Les supongo tan informados y confusos como yo mismo: la ultraderecha agrupada en una formación llamada Verdaderos Finlandeses —¡glups!— se quedó a dos décimas, o sea, a 6.800 sufragios, de ganar los comicios. Se impuso por ese ínfimo margen el Partido Socialdemócrata, que vuelve a ser la primera fuerza después de dos decenios. Y ahí también se nos rompe un mito o una mentira que creíamos por pura inercia. Resulta que durante ese tiempo los gobiernos han estado encabezados por conservadores o centristas, que han venido constituyendo ejecutivos de coalición de variada coloratura. El más reciente, el que decae con estas elecciones, compuesto por centristas, conservadores y… ¡los propios Verdaderos Finlandeses! Es decir, que desde 2015, un partido al que se tiene por radicalmente xenófobo ha sido puntal de gobierno en el que creíamos paraíso del norte de Europa. Para más inri, su realidad política actual no es muy diferente de la que se vive en los países de su entorno, esos cuyos nombres aún pronunciamos al borde del éxtasis. Quizá debamos revisar ciertos tópicos.

Aznar al rescate

Están las hemerotecas —ahora Google— hasta las cartolas de desplantes de José María Aznar al Partido Popular y, de modo particular, al que él mismo impuso como su sucesor al mando del nido de la gaviota, Mariano Rajoy. Entre las bofetadas a mano abierta, destaca la carta que le escribió en noviembre de 2017 al hoy registrador de la propiedad para comunicarle su renuncia a la presidencia de honor de la formación.

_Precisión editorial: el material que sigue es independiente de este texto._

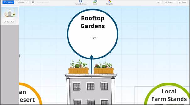 Prezi no usa diapositivas, sino un gran lienzo virtual donde integrar imágenes, textos y videos, de modo que vamos sobrevolando la información con zooms, giros y desplazamientos obteniendo una presentación muy dinámica.

Un gesto de rata abandonando el barco que se consumó hace menos de un año (junio de 2018), cuando en la presentación de un libro de su fiel sirviente, Javier Zarzalejos, se situó en varias ocasiones fuera del partido. “No tengo ningún compromiso partidario, ni me considero militante de nada ni me siento representado por nadie”, llegó a decir, antes de ofrecerse para liderar la reunificación de lo que él denomina sobrepasando el eufemismo “centro-derecha español”, dividido en tres, según su diagnóstico.

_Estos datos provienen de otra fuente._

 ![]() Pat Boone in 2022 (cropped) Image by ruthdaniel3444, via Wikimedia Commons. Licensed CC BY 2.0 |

Por entonces, Abascal era “un chico lleno de cualidades”. Pero ya no. Ahora su exdíscipulo y Rivera son dispersadores del único voto útil para que en España no vuelva a ponerse el sol, el que vaya al PP de Pablo Casado, el otro niño amamantado con su mala leche. Y tan catastróficos está viendo los sondeos del chisgarabís palentino, que Superjosemari se ha echado la campaña a la chepa. Después de años negándose a poner los pies en un mitin (tampoco queda claro si era porque no le invitaban), Aznar figura como cabeza de cartel en media docena de actos selectos del que ya sin duda vuelve a ser su partido. Si consigue la remontada, será su éxito. Si no evita el fiasco, simplemente se encogerá de hombros.